A camera's or eye's iris/aperture is also "shibori", because it contracts to
constrict light.

But the most important shibori, vastly overshadowing quaint tie-dying art
forms and camera apertures, is "ichiban shibori": the first press of the malt
in beer-making.

------
johncoltrane
Here is a video showing some pretty advanced shiboru:
[https://www.youtube.com/watch?v=wlGL0Bhlw0E](https://www.youtube.com/watch?v=wlGL0Bhlw0E)

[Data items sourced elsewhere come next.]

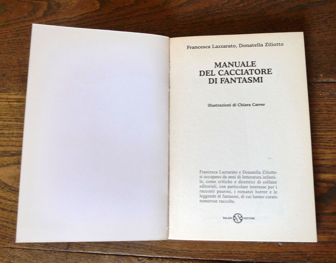 Francesca Lazzarato, Donatella Ziliotto,MANUALE DEL CACCIATORE DI FANTASMI.Illustrazioni di Chiara Carrer.Adriano Salani Editore, Firenze 1996,brossura, 18,5x12,5 cm., pp.115,illustrazioni in bianco e nero,ISBN: 88-7782-499-9,peso: g.200
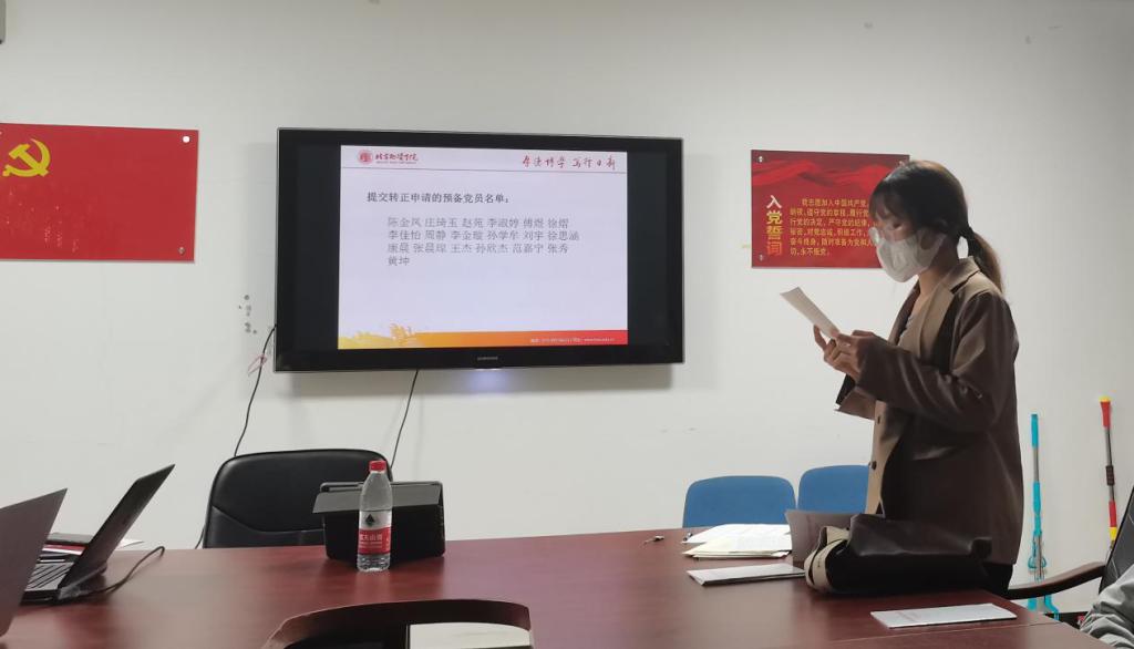 首先由支部书记董海辰宣布到场人数,明确可以召开会议。随后会议讨论了黄坤、张晨琼、张秀、范嘉宁、康晨、孙欣杰、王杰、徐思涵、李金璇、周静、孙学牟、陈金凤、刘宇、庄琦钰、李佳怡、李淑婷、徐熠、傅煜、赵苑共19名预备党员申请转为正式党员的问题。依次宣读转正申请,汇报对党的认识、在预备期的思想、工作、生活表现情况及今后努力的方向。每一名预备党员宣读结束,其入党介绍人、与会其他党员对预备党员是否符合转正条件发表意见。随后,与会党员充分讨论并发表意见。
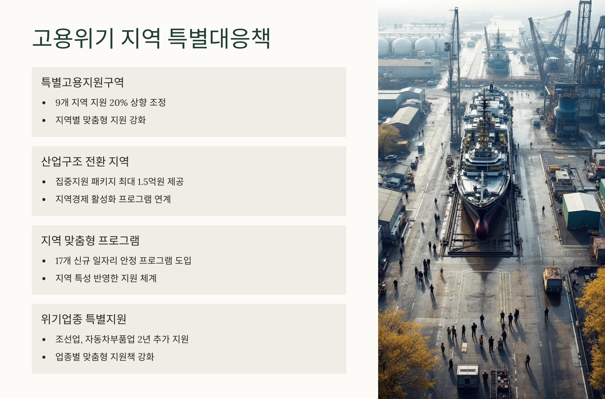 2025년에는 ‘고용위기 지역’에 대한 특별 대응도 강화됐어요. 전반적으로 일자리 안정자금 예산이 줄었지만, 특정 지역엔 예외적으로 더 많은 지원이 집중되고 있어요. 이건 지역 간 고용격차를 해소하려는 전략이에요.
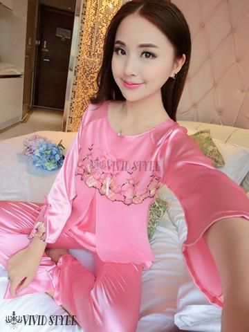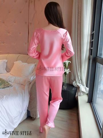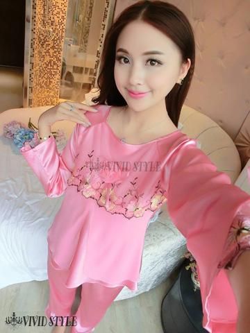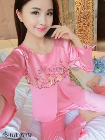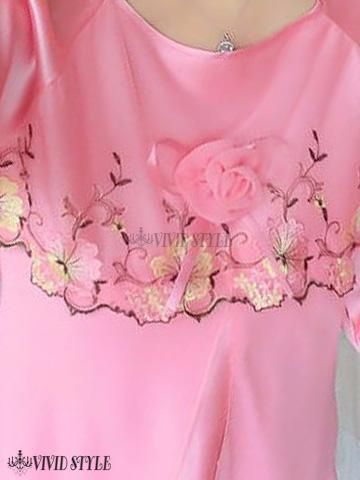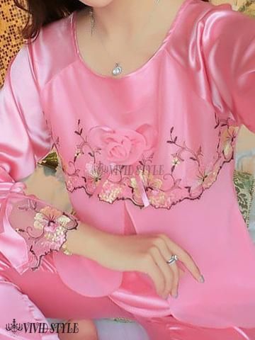 胸元に巻きバラのコサージュとリボンをあしらったラグランスリーブのパジャマ コスプレ エロ
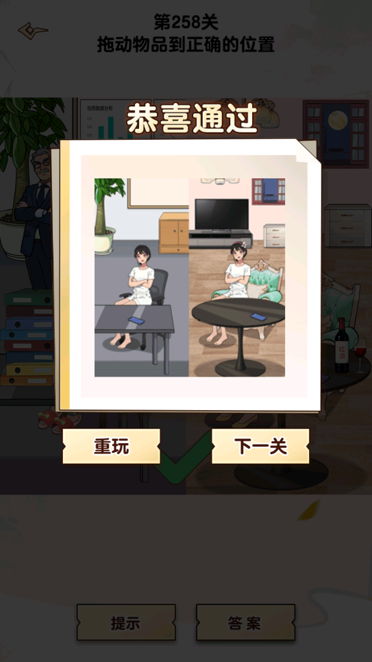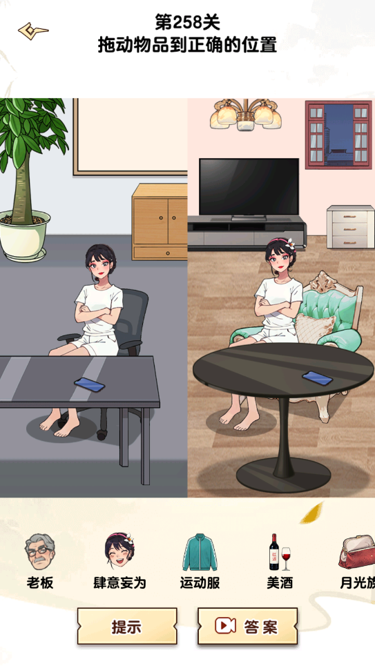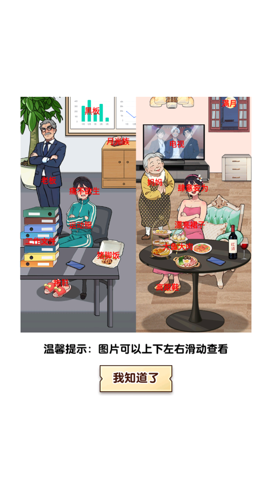4、最后是需要玩家下拉的手提袋和上滑红衣服女孩口袋里的手机。
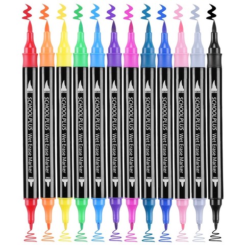 Ensemble de marqueurs effaçables à sec/humide à pointe ultra-fine 12 couleurs pour tableaux blancs pour matière plastique
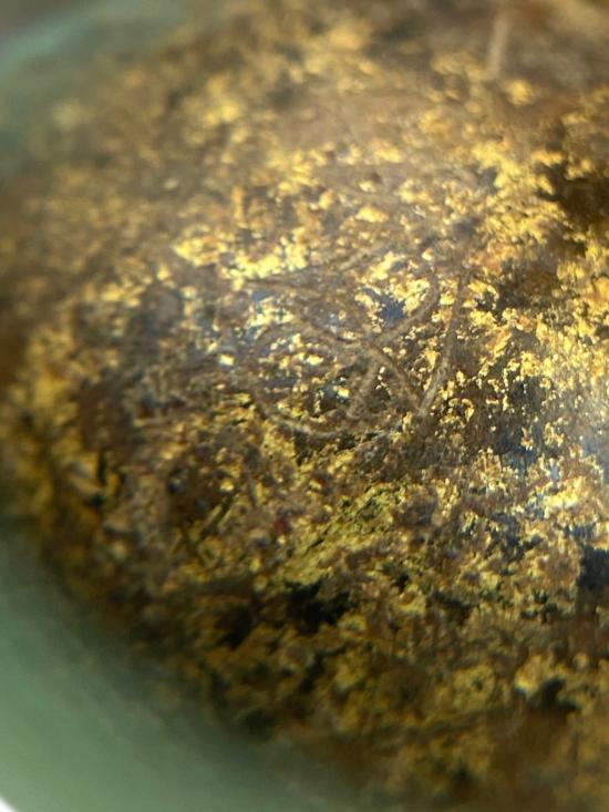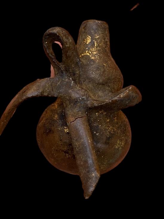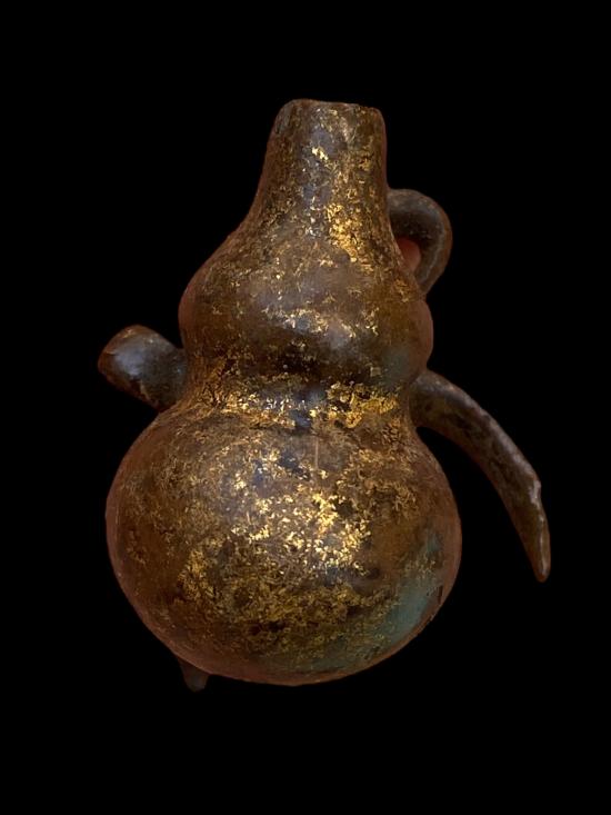เครื่องรางน้ำเต้าปิดทองเก่า ไม่ทราบที่ ลักษณะน้ำเต้าโบราณ มีร่องรอยปิดทองเก่าหลงเหลือให้เห็น ผิวเก่าจัด มีคราบอายุชัดเจน เป็นเครื่องรางสายโบราณที่นิยมบูชากันมา เหมาะสำหรับสะสมหรือบูชาติดตัว ตามสภาพจริงทุกประการ
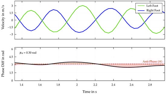 For this purpose, the raw data of Athlete 4 (Table 2) were preprocessed by subtracting the mean value and filtering the signal using a bandpass filter. The frequency range of the filter was set to 0.5–3 Hz, which covers, including a safety margin, the previously calculated dominant frequencies of the limb velocity for the whole dataset. The instantaneous phase shift distribution is then determined as stated in Equations (13) and (14) for left and right foot velocity data. The velocity distributions, as well as the absolute and wrapped phase difference reduced to the middle section, are shown in Figure 8.
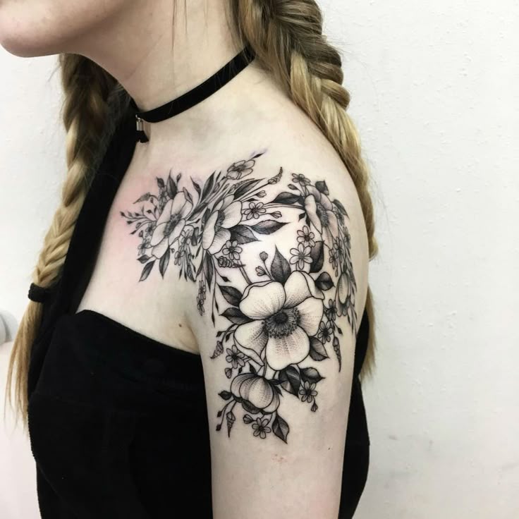 Тату цветов на плече женские
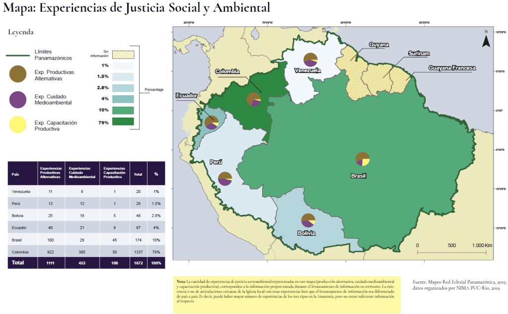 A nivel panamazónico, existen diferentes experiencias que surgen como alternativas en búsqueda de una justicia socioambiental en la región. El estudio del REPAM se enfoca específicamente en tres experiencias: producción alternativa, cuidado ambiental y capacitación productiva. Bajo la propuesta de este marco comparativo se puede observar que, a nivel porcentual, Venezuela se posicionaría como el país con menor experiencias de justicia social y ambiental de la región, seguido por Perú y luego Bolivia. Mientras que, en contraste, Colombia se posiciona como el país amazónico con mayores experiencias de justica a las problemáticas socioambientales. Estos datos revelan la gran brecha que existe entre los diferentes países panamazónicos respecto a cómo crear experiencias para la búsqueda de una justicia socioambiental y para crea alternativas frente al modelo extractivista.
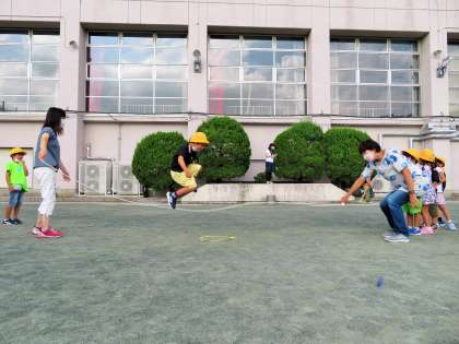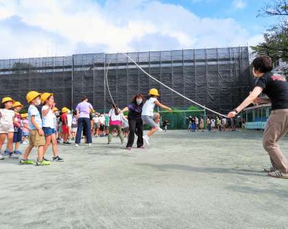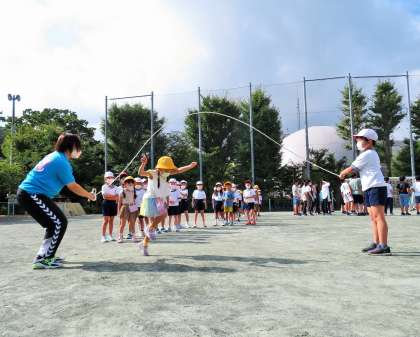 今日は、1・3・6年生の体育朝会です。長縄跳びは、学級のチームワークづくり、運動感覚づくりにはとてもよい運動種目なので全校で取り組みます。
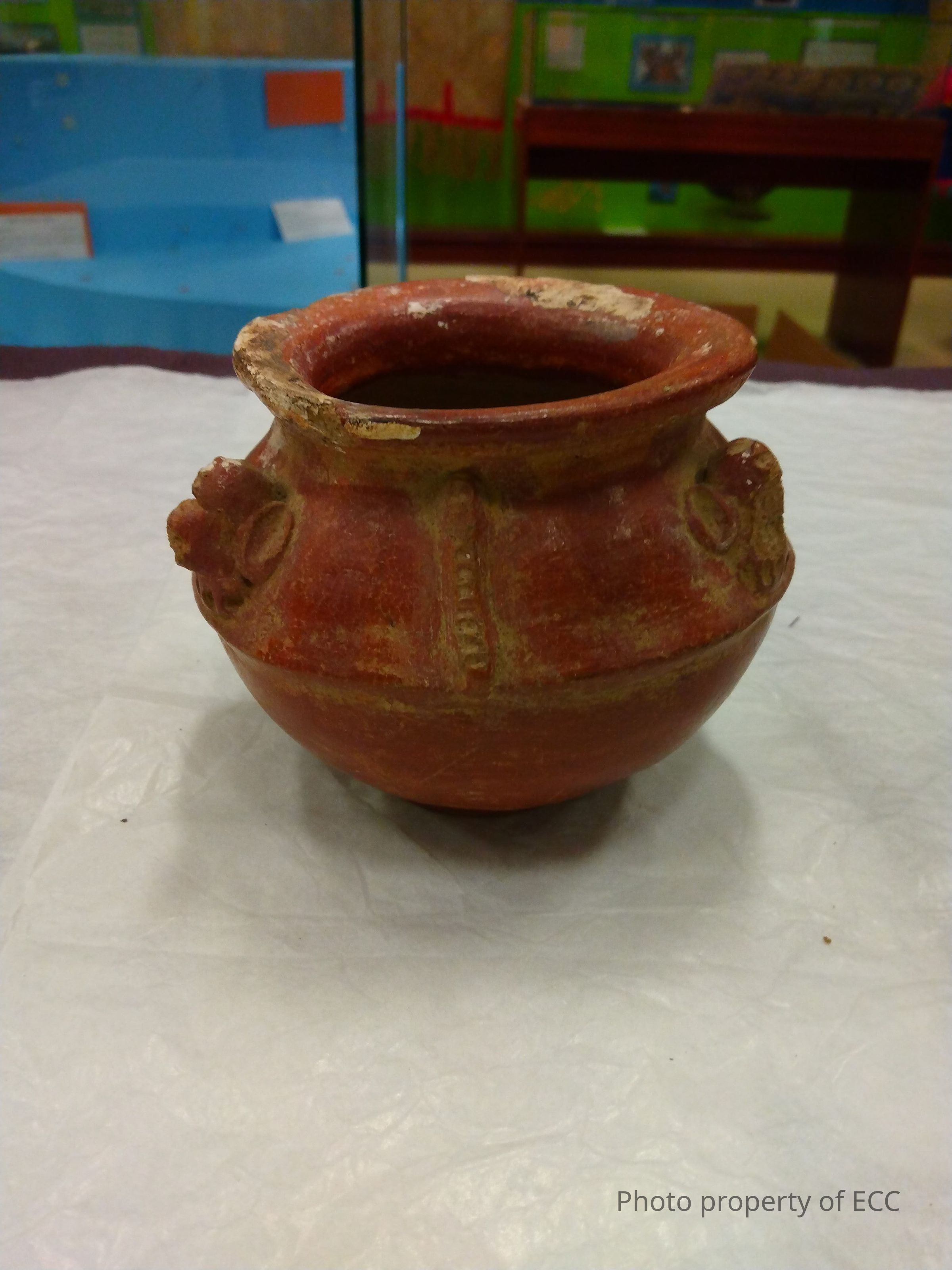 A small, red-slipped pot with a flared rim. Three design fields are separated with three vertical and one horizonal ridges, while the three fields house three lugs in the form of what look like zoomorphic monkey heads.Collection
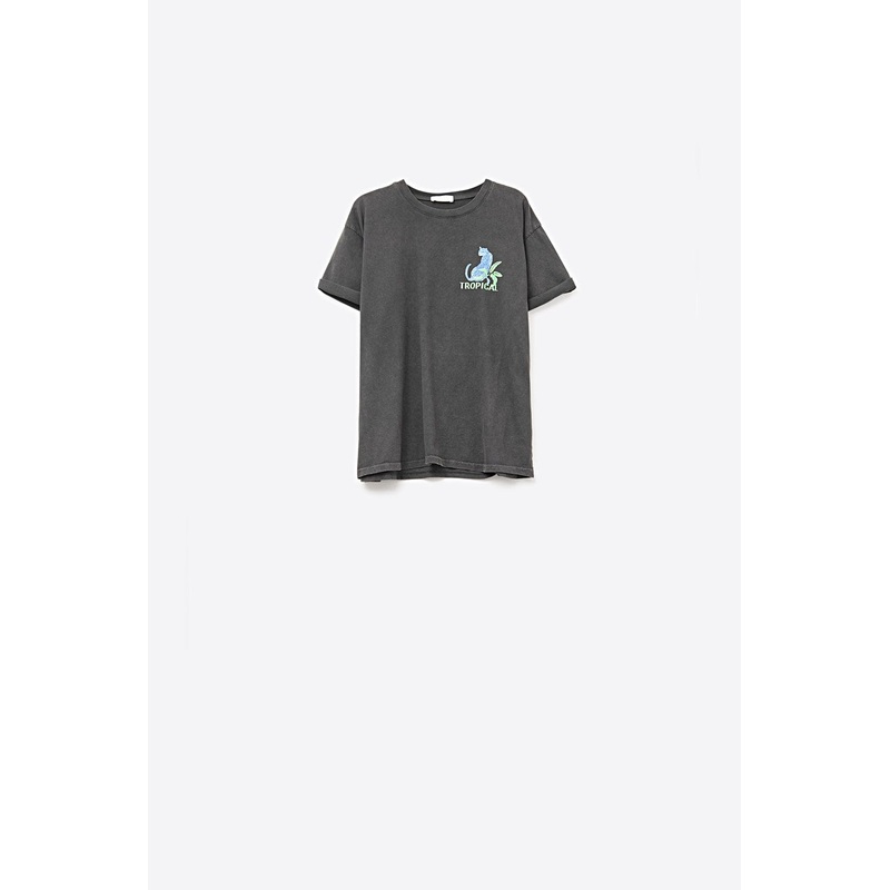 Black T-Shirt Made In Italy With Tropical Graphic Print
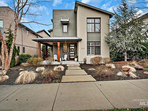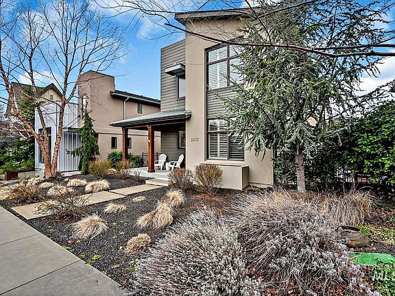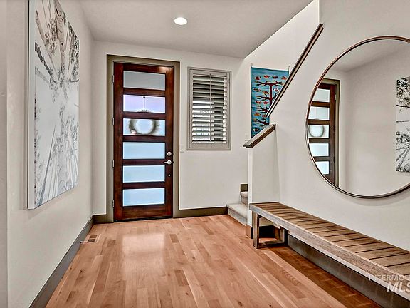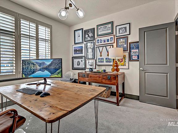 Modern design residence sits in the heart of Harris Ranch, just moments from Boise's Greenbelt, foothill trails, local dining, Bown Crossing, and Shakespeare Festival. Enjoy a spacious great room with an abundance of light and a sleek kitchen with tons of cabinets, upgraded appliances, huge pantry, granite countertops, lots of work space and an oversized island with breakfast bar seating. Hardwood floors in entry, living, dining, kitchen & halls. Most bath features tile walk in shower, floors & granite counters. Spacious primary suite features free standing tub, dual sink vanity, oversized shower with dual shower heads. Large bedrooms and tons of storage throughout! Private staircase off back leads to rec/bonus room with private bath & closet- great junior master suite! New paint floor to ceiling throughout, new kitchen backsplash, new lighting in kitchen, dining area, office & bedroom. Custom fireplace and floating shelves. Plantation shutters throughout.
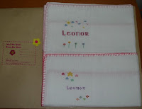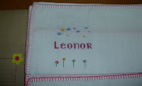 Fraldas Bordadas a Ponto de Cruz, personalizadas com o nome Leonor, picó à volta em croché.
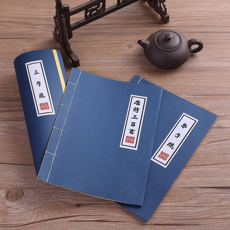 Three words via ancient book photography photo-prop disciples Imitation Ancient Fake Book Tang Poetry Retro Line Clothing Book Stage Performance
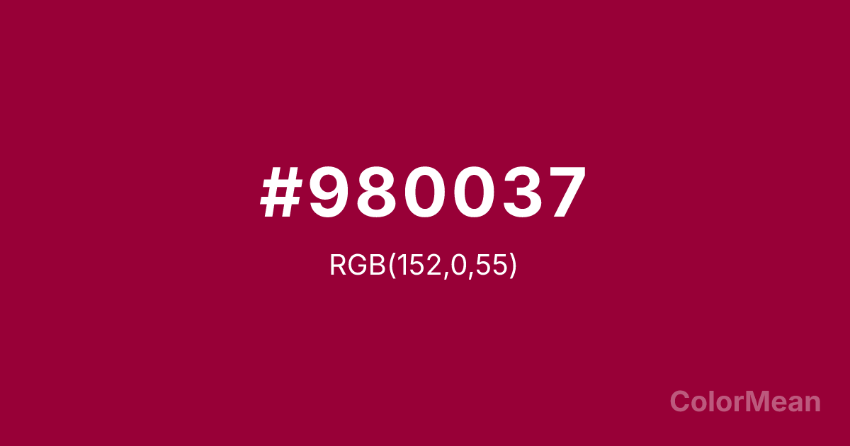 #980037 RGB value is (152, 0, 55). The hex color red value is 152, green is 0, and blue is 55. Its HSL format shows a hue of 338°, saturation of 100 percent, and lightness of 30 percent. The CMYK process values are 0 percent, 100 percent, 64 percent, 40 percent.
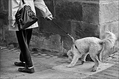Laisser le chien marcher le long des murs ne peut que lui faire constamment baisser la truffe à la découverte de toutes ces odeurs. Le faire marcher bien à gauche, côté rue, aiderait probablement à la fluidité de la promenade en diminuant la pression qui pèse sur le chien et sur son maître.
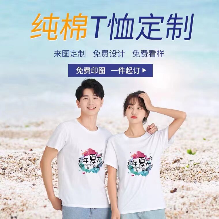 夏纯棉T恤印字刺绣班服毕业季同学聚会t恤衣服广告企业文化衫工作
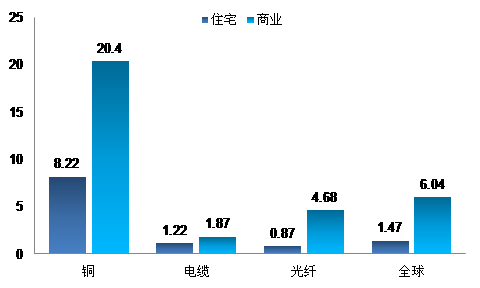 在住宅市場(chǎng),銅的服務(wù)提供的性?xún)r(jià)比最低。對(duì)于所有用戶(hù)來(lái)說(shuō)商業(yè)用戶(hù)支付的錢(qián)比住宅用戶(hù)多得多,這反映了較高的使用率和平均帶寬,企業(yè)所需求的服務(wù)比一般用戶(hù)要多。

I'm not affiliated or anything but the whole channel is well worth binge
watching.

------
funnyenough
It is a fascinating art form. You can learn more about the different
techniques here - [https://www.hilarylhahn.com/blog/3-shibori-
techniques](https://www.hilarylhahn.com/blog/3-shibori-techniques)

------
minouye
If you're interested in giving this a try, this is a great introductory indigo
dye kit. Just a need a bucket and something to dye (pillow-case, dish-towel,
or an old t-shirt).

[https://www.amazon.com/Jacquard-Indigo-Tie-Dye-
Mini/dp/B003I...](https://www.amazon.com/Jacquard-Indigo-Tie-Dye-
Mini/dp/B003IIN7HO)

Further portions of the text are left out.